-------- Material provided
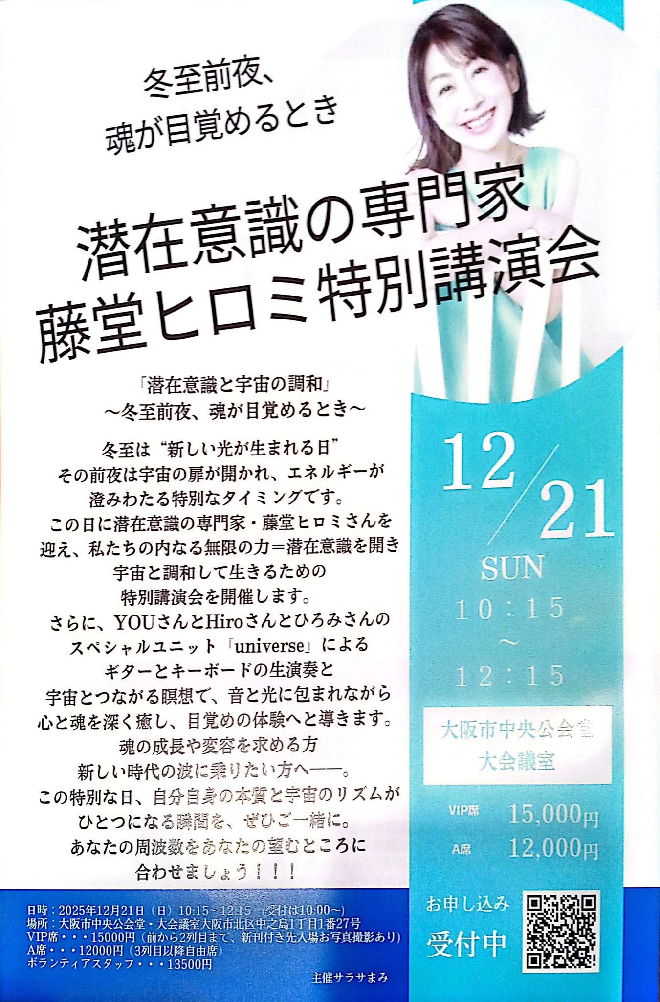 12/21(日)@大阪 藤堂ヒロミさん講演会「冬至前夜、魂が目覚めるとき」 ▶︎お申し込みはこちらから https://ameblo.jp/sarasamami/entry-12927789002.html その他情報 youtube登録者5000人記念オフラインイベント開催決定!! 11/29(土)@北海道 小野マッチスタイル邪兄出版記念講演会&YOUひろLIVE 12/6(土)@大阪 reunion2025 12/21(日)@大阪 藤堂ヒロミさん講演会「冬至前夜、魂が目覚めるとき」 12/22(月)@東京 時空フェス
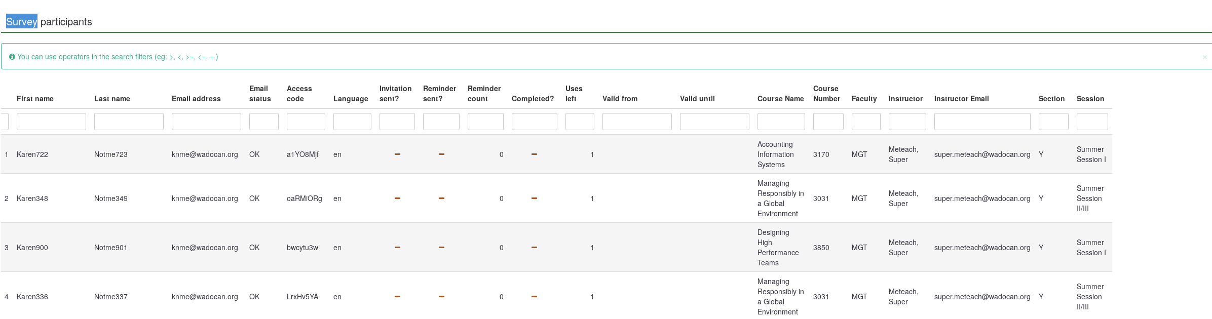 Wrong screenshot for participant table earlier. Here's the right one. |
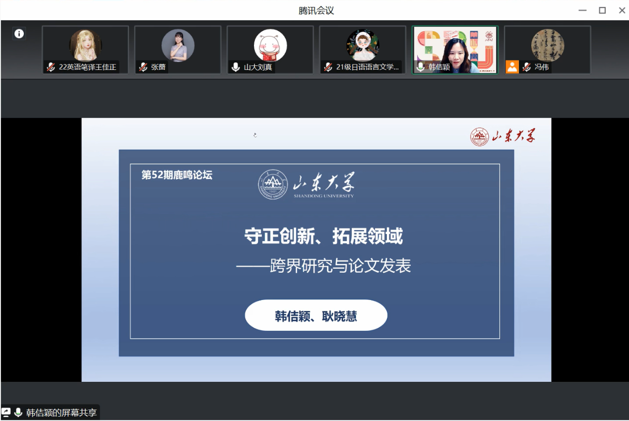 2月23日下午,必赢76net线路唯一官方网站英语系韩佶颖教授及研究生耿晓慧应邀做客必赢76net线路唯一官方网站第52期“鹿鸣论坛”,通过腾讯会议线上平台作了主题为“守正创新,拓展领域——跨界研究与论文发表”的学术报告。本次讲座由必赢76net线路唯一官方网站冯伟教授主持,来自校内的200余名师生共同参与了本次讲座。
----------------
• **Task prompt**
Once the line containing "Wrong screenshot for" has been copied, stop; everything from the first line of the data up to it must be copied exactly, without pictures.

• **Answer for the task**
 12/21(日)@大阪 藤堂ヒロミさん講演会「冬至前夜、魂が目覚めるとき」 ▶︎お申し込みはこちらから https://ameblo.jp/sarasamami/entry-12927789002.html その他情報 youtube登録者5000人記念オフラインイベント開催決定!! 11/29(土)@北海道 小野マッチスタイル邪兄出版記念講演会&YOUひろLIVE 12/6(土)@大阪 reunion2025 12/21(日)@大阪 藤堂ヒロミさん講演会「冬至前夜、魂が目覚めるとき」 12/22(月)@東京 時空フェス
 Wrong screenshot for participant table earlier. Here's the right one. |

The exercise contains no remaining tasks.